◆ **Data block**:

╔══

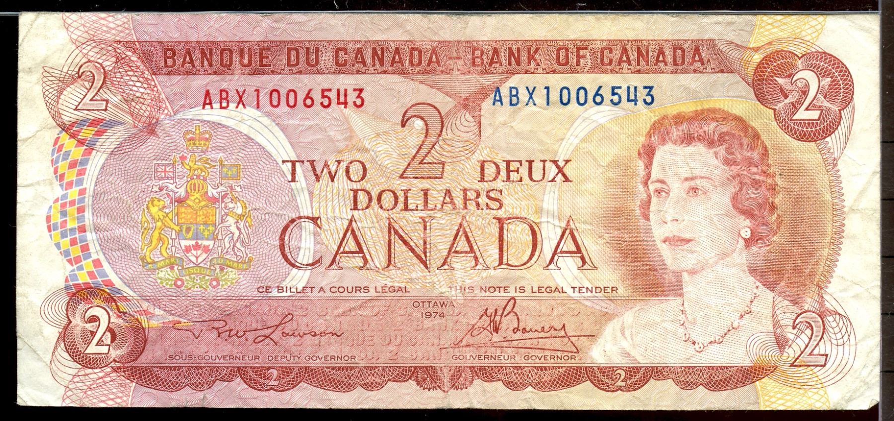 1974 $2 Bc-47aA-i #ABX1006543, in average grade.
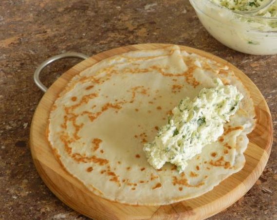 Add chopped spinach to the curd, mix well. Put the filling on the edge of the pancake. Roll up the pancake with a straw. Thus, roll up all the filled pancakes. Trim the edges of the stuffed pancakes evenly.
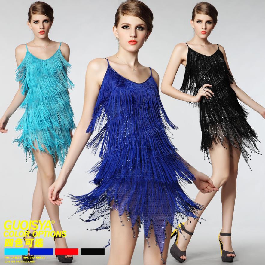 Мода на платья, которые предлагал стиль 20-х годов в женской одежде стиля джаз кардинально изменилась. Полностью поменялся акцент на линию талии – он опустился до уровня бедер. В то время как само платье больше напоминало по своей форме трубу: ровное и прямое. Подолы платьев при этом больше напоминали хвосты экзотические птиц, они были обшиты по краю низа бахромой, которая развевалась в ритм музыке во время зажигательного танца. Кроме того, особой популярностью стали также пользоваться юбки плиссе, главная задача которых проявлялась в возможности подчеркнуть бедра. Декольте перешло на область спины, где раньше находились пуговицы, которые полностью закрывали спину. Крой юбок и платьев стремительно менялся, пока не достиг области колен. Также в моду вошел ассиметричный подол, объемные банты и яркие вышивки. Популярными материалами для вечерних платьев стал бархат, шелк и атлас.

╚══

The whole listing should be retyped word for word; none of its pictures belong in the copy.

◆ **Your solution**:
 1974 $2 Bc-47aA-i #ABX1006543, in average grade.
 Add chopped spinach to the curd, mix well. Put the filling on the edge of the pancake. Roll up the pancake with a straw. Thus, roll up all the filled pancakes. Trim the edges of the stuffed pancakes evenly.
 Мода на платья, которые предлагал стиль 20-х годов в женской одежде стиля джаз кардинально изменилась. Полностью поменялся акцент на линию талии – он опустился до уровня бедер. В то время как само платье больше напоминало по своей форме трубу: ровное и прямое. Подолы платьев при этом больше напоминали хвосты экзотические птиц, они были обшиты по краю низа бахромой, которая развевалась в ритм музыке во время зажигательного танца. Кроме того, особой популярностью стали также пользоваться юбки плиссе, главная задача которых проявлялась в возможности подчеркнуть бедра. Декольте перешло на область спины, где раньше находились пуговицы, которые полностью закрывали спину. Крой юбок и платьев стремительно менялся, пока не достиг области колен. Также в моду вошел ассиметричный подол, объемные банты и яркие вышивки. Популярными материалами для вечерних платьев стал бархат, шелк и атлас.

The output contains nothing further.